The story revolves around the vaudeville act of two cousins billed as The Famous Hugo and Otto, the former a giant of 7’9” tall, the other a midget of only 3’1” (or as the politically correct might prefer, “person of small stature;” somehow it doesn’t quite roll off the tongue the same way). While still in high school, they hit upon the idea of performing as a ventriloquist act, though their strict Mennonite upbringing in Virginia attempts to impose constraints on their show biz aspirations. The novel serves as a kind of “fake news” of the entertainment world, pitching Hugo and Otto as appearing with top names like Johnny Carson and every bit as famous. They are even invited to the White House of JFK and appear on the Ed Sullivan Show.

The biography of the duo is told from Otto’s perspective as an elderly retired performer, with Hugo long since dead. That alone raises issues common to rock star biographies, where a single band member “tells all,” but conveniently places himself at the centre of the band’s successes. And once other band members die off, it becomes harder to refute his more grandiose claims.
What I find interesting in the relationship between Hugo and Otto is the extreme contrast in their natures. While Hugo is endowed — or over-endowed — by nature with not just large stature but a large “tallywhacker” and an even larger libido, Otto is clearly the brains of the duo, an ironic turn on him being the “dummy.” Now there’s a double entendre worth more than a snicker. The stage routine they perform in which Otto breaks his arm due to not being caught by Hugo in a staged fall (pp. 126-28), which deteriorates into onstage bickering rather than a practiced act, is telling in this regard. Obviously long before this point in the story we realize who the brains of the outfit is. Hugo’s seemingly insatiable sexual appetite makes him ideal fodder for tabloid headlines, much like many of today’s rock stars, some of whom, long past their peak, become “famous for being famous” rather than any continuing contribution to their art. At this most obvious level, Hekkanen is satirizing an easy target.

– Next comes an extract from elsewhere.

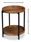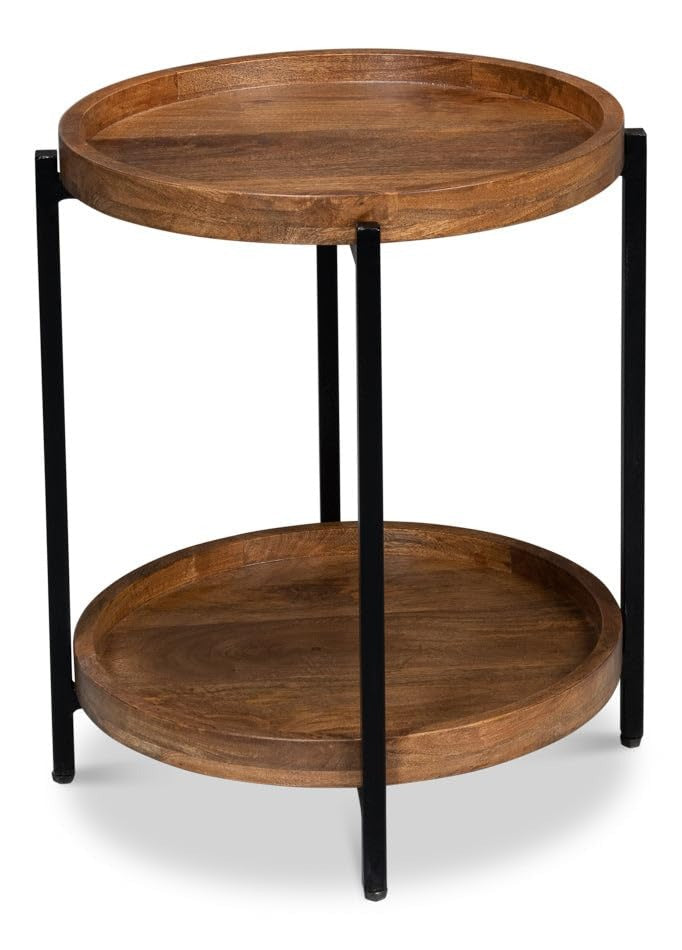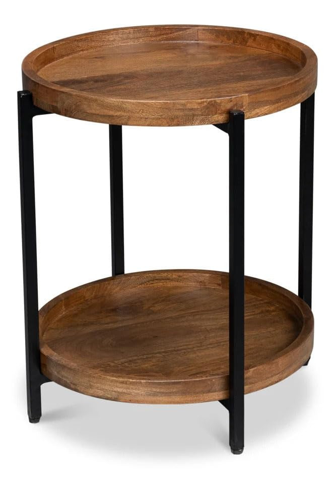 - CONSTRUCTION: Features a sturdy black iron frame supporting two round mango wood tiers, combining industrial style with natural warmth

But again, this is an author known for a fine subtlety of thought, so perhaps there is more going on. A ventriloquist’s dummy could be a metaphor for any vehicle an artist uses to convey their art, a tradition that is as old as ancient Greek theatre, in which masks were held up by actors to convey different roles. Even though in the act they perform, Hugo is ostensibly the one “using” Otto as the “dummy” to speak, time and again Otto outwits him. Is the mask outwitting the actor who wields it? In reading about the late David Bowie, his mid-1970s Los Angeles period strikes me this way, as he allowed his invented personae to get the better of him by crossing over the boundary between fantasy and reality. (All the cocaine he was ingesting at this point didn’t help.)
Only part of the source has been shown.